Introduction Cassandra and Event Store are both popular database technologies. While they share certain similarities, there are key differences that set them apart. This markdown code provides a clear comparison, highlighting the unique features and functionalities of each database.
1. Architecture and Data Model: Cassandra follows a distributed peer-to-peer architecture, with a masterless design and a flexible column-based data model. It is highly scalable and fault-tolerant, allowing for horizontal expansion. On the other hand, Event Store follows an event sourcing architecture, where data is stored as a series of events. It is an append-only log of events, enabling easy auditability and temporal querying.
2. Event Marshalling and Indexing: In Cassandra, data is serialized into key-value pairs and stored in a sorted order using a hash-based index structure. This allows for fast read and write operations. In contrast, Event Store stores events in their raw form without any predefined schema. It uses event types, event IDs, and event streams for indexing and retrieval, supporting quick access to events based on time and stream.
3. Querying Capabilities: Cassandra supports a rich set of query options, including CQL (Cassandra Query Language), which resembles SQL. It allows for ad-hoc queries, secondary indexes, and supports range, equality, and token-based partition queries. Event Store provides various ways to query events, such as by event type, stream ID, or time. It supports event position-based and stream-based querying, enabling historical and real-time event retrieval.

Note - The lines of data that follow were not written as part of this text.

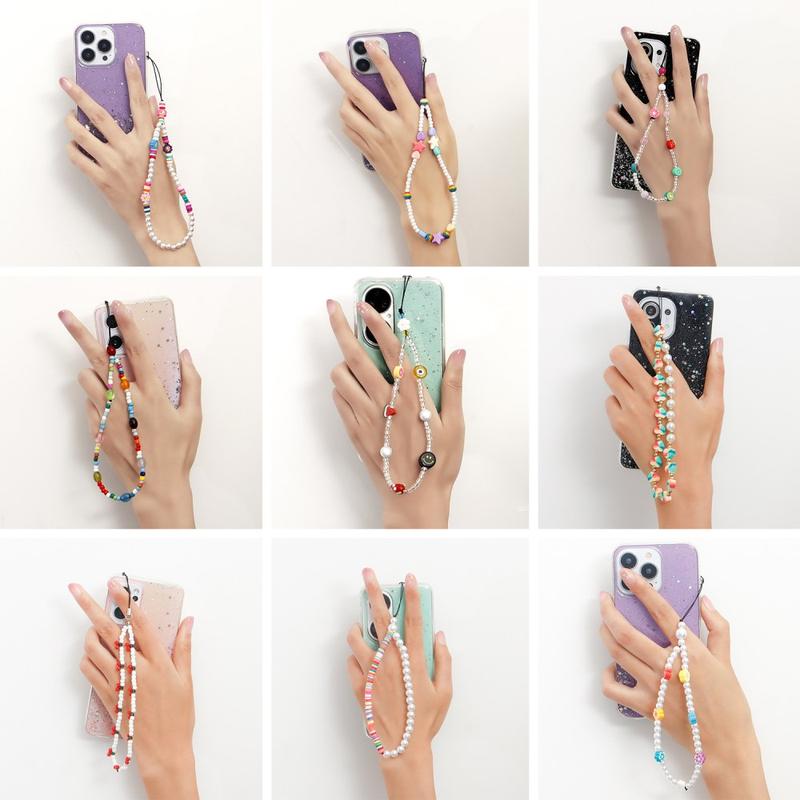 Smycz do telefonu z kolorowymi koralikami w kolorze perłowym, 22cm - akrylowa zawieszka na nadgarstek, łańcuszek do telefonu
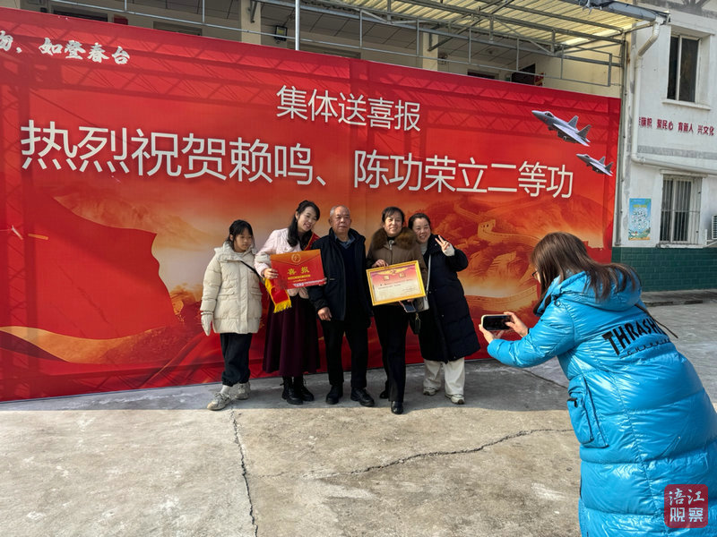 軍功章里有軍人的一半,更有家屬的一半。賴鳴的妻子唐婷忙前忙后,和家人親友合影留念。她手捧喜報激動地說:“作為妻子,我為賴鳴感到無比驕傲。我會全力照顧好家里,做他最堅實的后盾,希望他在部隊安心服役,再立新功!”
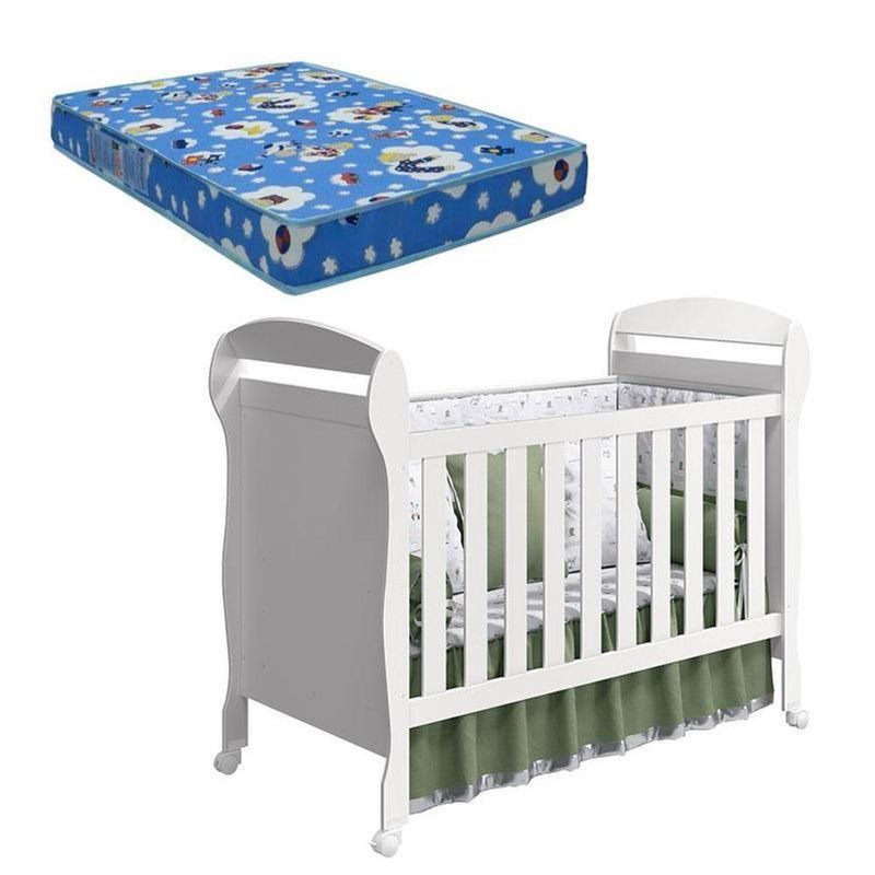 Berço Americano Danny Branco Brilho Com Colchão Ortobom ? RellerBerço Americano Danny Branco Brilho e Colchão Ortobom ? Reller Está na hora de escolher os móveis para a chegada do bebê? Nesse momento de tamanha importância apresentamos mais esse lindo modelo de berço com padrão americano com colchão, trazendo todo o conforto que a criança vai precisar na hora do sono, confira todas as características:-Certificado pelo INMETRO -Transforma-se em sofazinho -Padrão Americano -Cantos arredondados -03 regulagens de altura do estrado -Estrado de madeira reflorestada -Grade Fixa -04 Rodízios, sendo 02 Rodízios com trava -Acompanha suporte para mosquiteiro -Colchão Recomendado:130cm x70cm x 12cm; -Acabamento UVDimensões: Altura: 120 cm Largura: 148 cm Profundidade: 78 cmColchão Berço Americano Phisical 130x70 cm ? OrtobomCaracterísticas Técnicas: - Tecido plano 100% poliéster - Placa de espuma em 100% poliuretano desempenho do INMETRO aprovada - Revestimento inferior em plástico impermeável - Proteção 100% espuma e tecido contra formação e colonização de ácaros, bactéria e fungos trazendo mais e auxiliando na saúde do bebê - Padrão americano - Produto de origem - Lindo design - Carinho e conforto que o seu bebê mereceDimensões: Altura: 10 cm Largura: 70 cm Profundidade: 130 cmOBS: Não realizamos a montagem, porém acompanha manual de instruções. Com gaveteiro: Não | Modelo: Danny | Marca: Reller | Principais Características do Produto 0: | Principais Características do Produto 1: | Principais Características do Produto 2: | Certificação de teste externa: | Exige montagem: | Dimensões do item C x L x A: | Baterias são necessárias?: | Cor: Branco Brilho | Fabricante: Reller | Peso do item: | do modelo: | Componentes incluídos: | Tamanho: | de caixas: | da peça: | Quantidade de itens: | Inclui manual de montagem: Sim

4. Consistency and Durability: Cassandra offers tunable consistency levels, allowing developers to balance between strong consistency and high availability. It provides eventual consistency by default, ensuring durability through write-ahead logging and mem-table to SSTable persistence. Event Store guarantees strong consistency, as events are written atomically within a stream. It stores events in multiple replicas for fault-tolerance and durability.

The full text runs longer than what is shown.